Patients and Methods
Following approval of the institutional review board, a joint registry database search was set up to identify all patients who had a radial head replacement, or removal or revision of a replacement, at our institution between 1998 and 2008. Patients who had a failed silastic prosthesis or failure of a radial head component as part of a total elbow or radiocapitellar arthroplasty were excluded from the study. A total of 47 radial head replacements (44 patients) which had been removed for various reasons were identified and formed the basis of this study. There were 25 males and 19 females and the mean age at the time of the initial operation was 48 years (16 to 70). The dominant arm was involved in 28 patients. The most common indication for the initial operation was a fracture of the radial head in 42 patients (45 elbows). The indication was rheumatoid arthritis in one patient (one elbow), and osteoarthritis with a previous radial head resection one year earlier in one patient (one elbow). A second revision to a metal prosthesis, was performed in three patients (three elbows) due to loosening of the index prosthesis.
In the 42 patients (45 elbows) requiring radial head replacement after trauma, the initial operation had been undertaken at a mean of 17 months after injury (0 to 230). It was introduced acutely (less than one week after trauma) in 13 patients (32%), subacutely (one to six weeks) in seven (17%), and in a delayed fashion (six weeks or more in 22) (52%).
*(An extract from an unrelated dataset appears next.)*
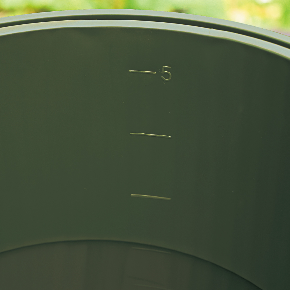 底の窪みと持ち手で、水が入ったジョウロも持ちやすい仕様。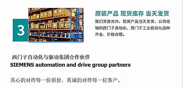 ??2、系统及伺服电机,力矩电机,直线电机,伺服驱动备件等等。主营产品或服务:西门子PLC,西门子变频器,西门子数控系统,西门子伺服电机,西门子人机界面,西门子软启动器,西门子触摸屏,西门子工业以太网,西门子LOGO!,西门子SITOP电源,西门子软件,西门子线缆等!

The mean delay between fracture and replacement in the delayed group was 32 months (6 to 230).
Radial head replacement was the initial treatment in 11 patients (11 elbows). The remaining 31 patients (34 elbows) underwent replacement after failure of internal fixation, resection or arthroplasty. A total of 15 patients (18 elbows) had undergone more than one previous surgical procedure. The radial head was implanted after failure of open reduction and internal fixation (ORIF) in ten patients (11 elbows), and for failure of radial head resection in 15 patients (17 elbows). Resection had been performed after failed ORIF in three of these 15 patients (17 elbows). Two patients (two elbows) had undergone ORIF for an ulnar fracture without surgery on the associated fracture of the radial head. The radial head implant had already been revised previously in seven patients (seven elbows).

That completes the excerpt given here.